What the exercise asks: Full transcription, minus images: write out the listing below exactly as it appears.

Material provided:
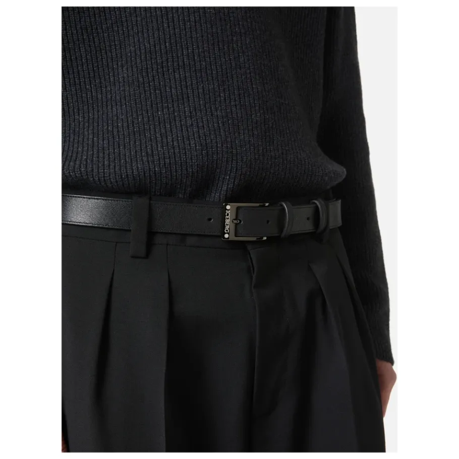 De Iceberg Nappa leren riem combineert zacht nappaleer met een vierkante gesp met logo-gravure om een grafische finishing touch toe te voegen aan eigentijdse outfits. Belangrijkste kenmerken: Zwart | Nappa leer | Gespsluiting | Vierkante gesp met gegraveerd logo | Reliëfdetails aan de punt | Grafische, eigentijdse esthetiek | Samenstelling & onderhoud: Nappa leer
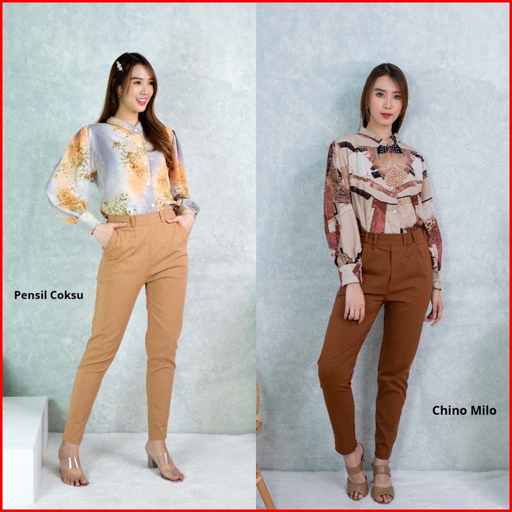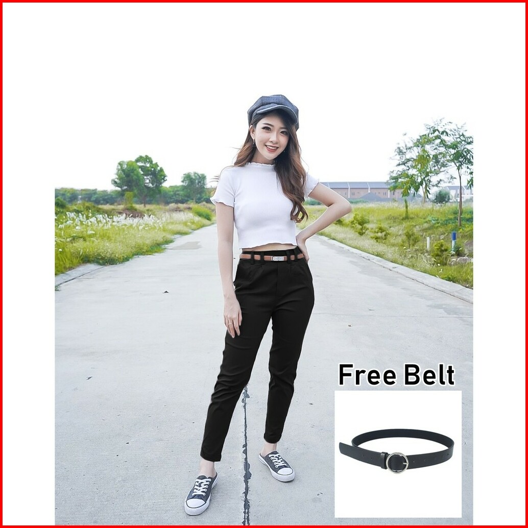 Chamele - Free Belt Ori Beckie Celana Kantor Chino Pensil Wanita Pants Premium Melar 2246 47 48
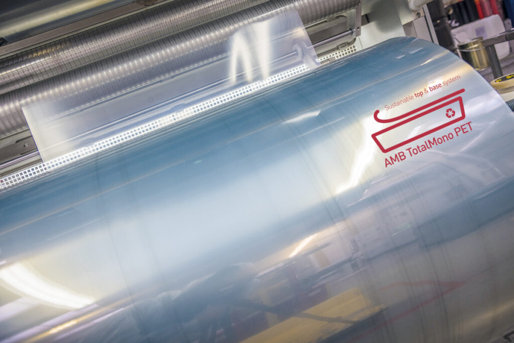 Für AMB ist es nicht nur bei der Entwicklung neuer Lösungen, sondern auch bei der Auswahl der für die Lösung eingesetzten Materialien essentiell wichtig, den Anforderungen europäischer und internationaler Recycling-Vorschriften zu entsprechen. Ein Beispiel hierfür ist AMBs BOPET-Deckelfolie, die mit einem variablen Anteil an recyceltem Post-Consumer-PET – zwischen 37% und 60% – produziert wird. Bei Unterfolien aus rPET werden in Abhängigkeit von den Kundenwünschen – 50% bis 100% – Post-Consumer-Materialien verwendet. Dies zeigt, wie effektiv das Unternehmen den ökologischen Fußabdruck minimiert und eine geschlossene Kreislaufwirtschaft fördert.
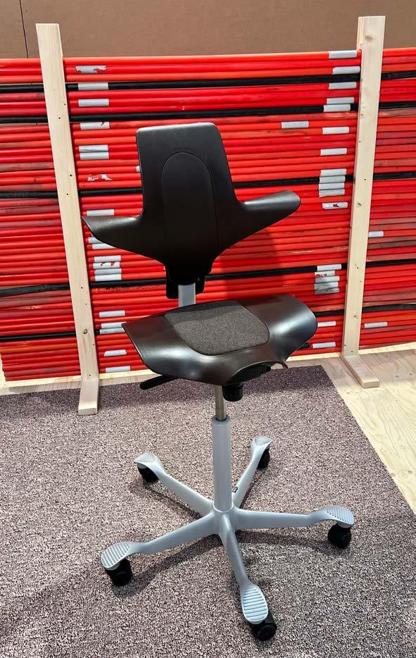 I NORSKA FLOKKS monter på Stockholm Furniture Fair visades kontorsstolen Håg Capisco Puls 8010 upp. Den är tillverkad av återvunna plogpinnar.

Task output:
 De Iceberg Nappa leren riem combineert zacht nappaleer met een vierkante gesp met logo-gravure om een grafische finishing touch toe te voegen aan eigentijdse outfits. Belangrijkste kenmerken: Zwart | Nappa leer | Gespsluiting | Vierkante gesp met gegraveerd logo | Reliëfdetails aan de punt | Grafische, eigentijdse esthetiek | Samenstelling & onderhoud: Nappa leer
 Chamele - Free Belt Ori Beckie Celana Kantor Chino Pensil Wanita Pants Premium Melar 2246 47 48
 Für AMB ist es nicht nur bei der Entwicklung neuer Lösungen, sondern auch bei der Auswahl der für die Lösung eingesetzten Materialien essentiell wichtig, den Anforderungen europäischer und internationaler Recycling-Vorschriften zu entsprechen. Ein Beispiel hierfür ist AMBs BOPET-Deckelfolie, die mit einem variablen Anteil an recyceltem Post-Consumer-PET – zwischen 37% und 60% – produziert wird. Bei Unterfolien aus rPET werden in Abhängigkeit von den Kundenwünschen – 50% bis 100% – Post-Consumer-Materialien verwendet. Dies zeigt, wie effektiv das Unternehmen den ökologischen Fußabdruck minimiert und eine geschlossene Kreislaufwirtschaft fördert.
 I NORSKA FLOKKS monter på Stockholm Furniture Fair visades kontorsstolen Håg Capisco Puls 8010 upp. Den är tillverkad av återvunna plogpinnar.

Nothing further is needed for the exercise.